**What is needed:** Under this line are the records; write out word for word the part that begins at the line containing "Schwamm in der" and ends at the line containing "1Золушка 2 Девочка 3Дюймовочка", and no more.
--- Materials provided Enclosed Below ---
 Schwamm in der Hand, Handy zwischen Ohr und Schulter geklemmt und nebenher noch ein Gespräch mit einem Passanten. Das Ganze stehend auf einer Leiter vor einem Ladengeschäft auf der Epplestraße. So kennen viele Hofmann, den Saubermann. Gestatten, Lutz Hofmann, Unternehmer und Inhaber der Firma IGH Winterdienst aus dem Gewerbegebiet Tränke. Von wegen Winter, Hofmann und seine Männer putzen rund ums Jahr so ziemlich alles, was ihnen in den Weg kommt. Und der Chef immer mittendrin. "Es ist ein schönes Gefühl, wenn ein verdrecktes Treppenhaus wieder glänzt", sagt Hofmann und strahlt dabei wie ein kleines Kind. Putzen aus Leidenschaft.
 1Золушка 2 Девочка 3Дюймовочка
--- End of Enclosed Materials provided ---
--- Materials provided Enclosed Below ---
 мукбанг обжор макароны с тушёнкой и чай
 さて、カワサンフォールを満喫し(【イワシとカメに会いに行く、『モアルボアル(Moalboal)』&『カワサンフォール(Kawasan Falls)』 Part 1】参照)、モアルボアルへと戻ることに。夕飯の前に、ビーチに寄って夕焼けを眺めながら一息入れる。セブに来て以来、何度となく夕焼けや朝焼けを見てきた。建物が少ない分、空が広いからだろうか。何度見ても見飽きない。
--- End of Enclosed Materials provided ---
**Task output:**
 Schwamm in der Hand, Handy zwischen Ohr und Schulter geklemmt und nebenher noch ein Gespräch mit einem Passanten. Das Ganze stehend auf einer Leiter vor einem Ladengeschäft auf der Epplestraße. So kennen viele Hofmann, den Saubermann. Gestatten, Lutz Hofmann, Unternehmer und Inhaber der Firma IGH Winterdienst aus dem Gewerbegebiet Tränke. Von wegen Winter, Hofmann und seine Männer putzen rund ums Jahr so ziemlich alles, was ihnen in den Weg kommt. Und der Chef immer mittendrin. "Es ist ein schönes Gefühl, wenn ein verdrecktes Treppenhaus wieder glänzt", sagt Hofmann und strahlt dabei wie ein kleines Kind. Putzen aus Leidenschaft.
 1Золушка 2 Девочка 3Дюймовочка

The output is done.